Please give back each line of the material unchanged, but without the images.

Dataset extract Block Start

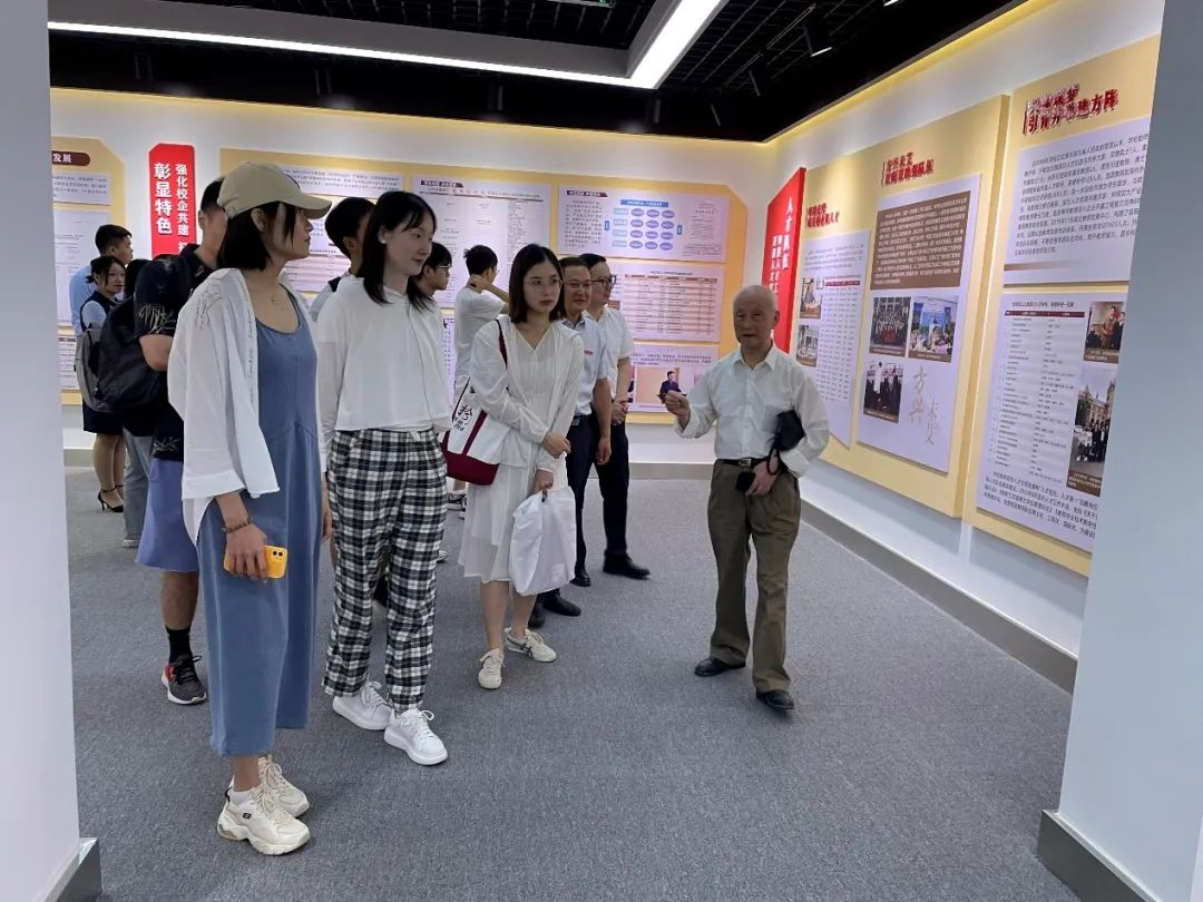 图为支队成员随汽院老教授邱春正参观湖北汽车工业学院校史馆
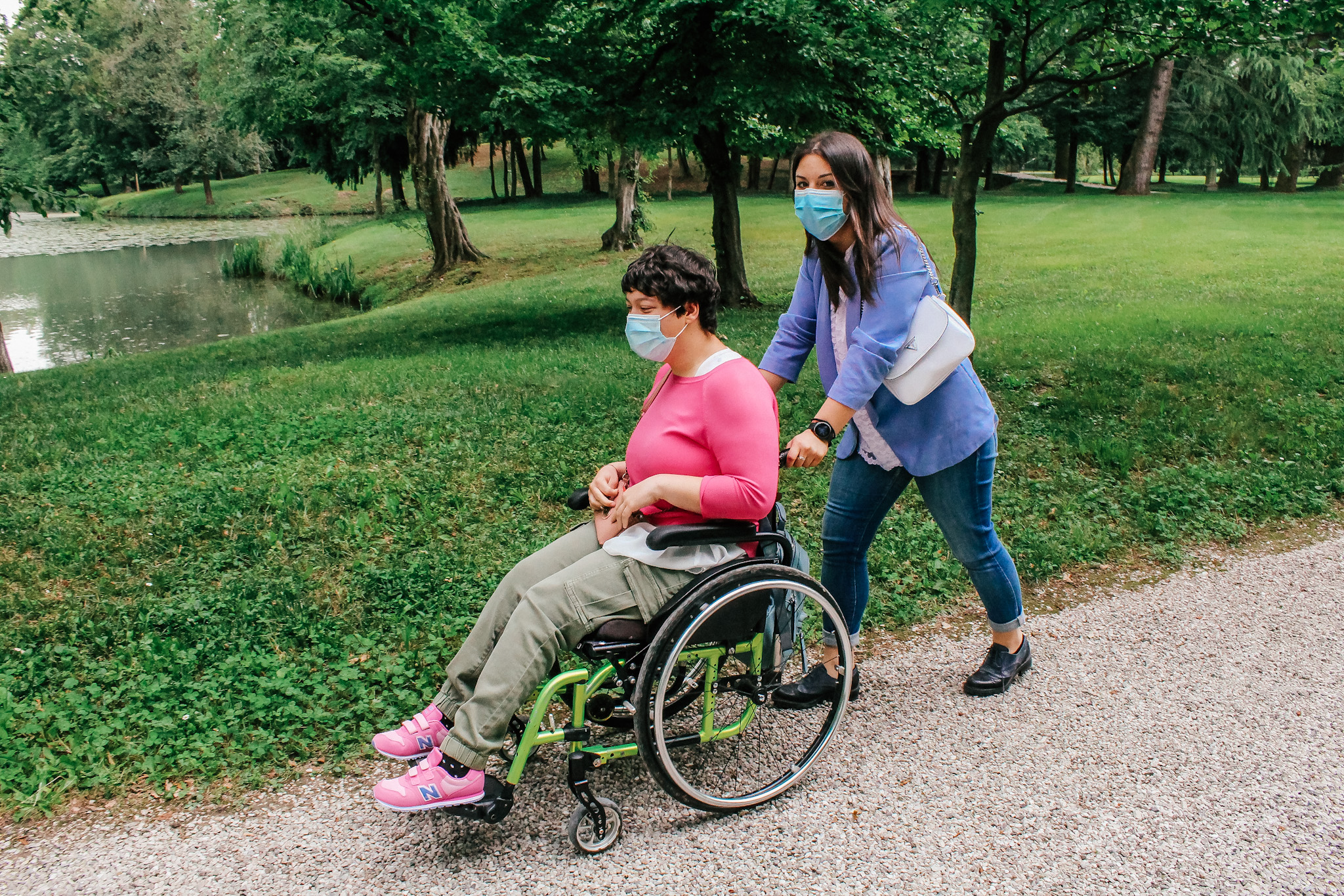 La passeggiata nella stradina sterrata del Parco Bolasco mi è stata possibile grazie all’aiuto di mia sorella, c’era uno strato di ghiaia medio e da sola non sarei riuscita ad affrontarlo. Inoltre, in alcuni punti lo strato si faceva più consistente così Sara è salita sull’erba per limitare il problema.
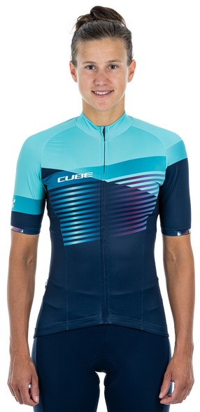 Aprašymas - Dviratininko marškinėliai Cube Teamline WS S/S blue'n'mint

Dataset extract Block End

* Output below *
 图为支队成员随汽院老教授邱春正参观湖北汽车工业学院校史馆
 La passeggiata nella stradina sterrata del Parco Bolasco mi è stata possibile grazie all’aiuto di mia sorella, c’era uno strato di ghiaia medio e da sola non sarei riuscita ad affrontarlo. Inoltre, in alcuni punti lo strato si faceva più consistente così Sara è salita sull’erba per limitare il problema.
 Aprašymas - Dviratininko marškinėliai Cube Teamline WS S/S blue'n'mint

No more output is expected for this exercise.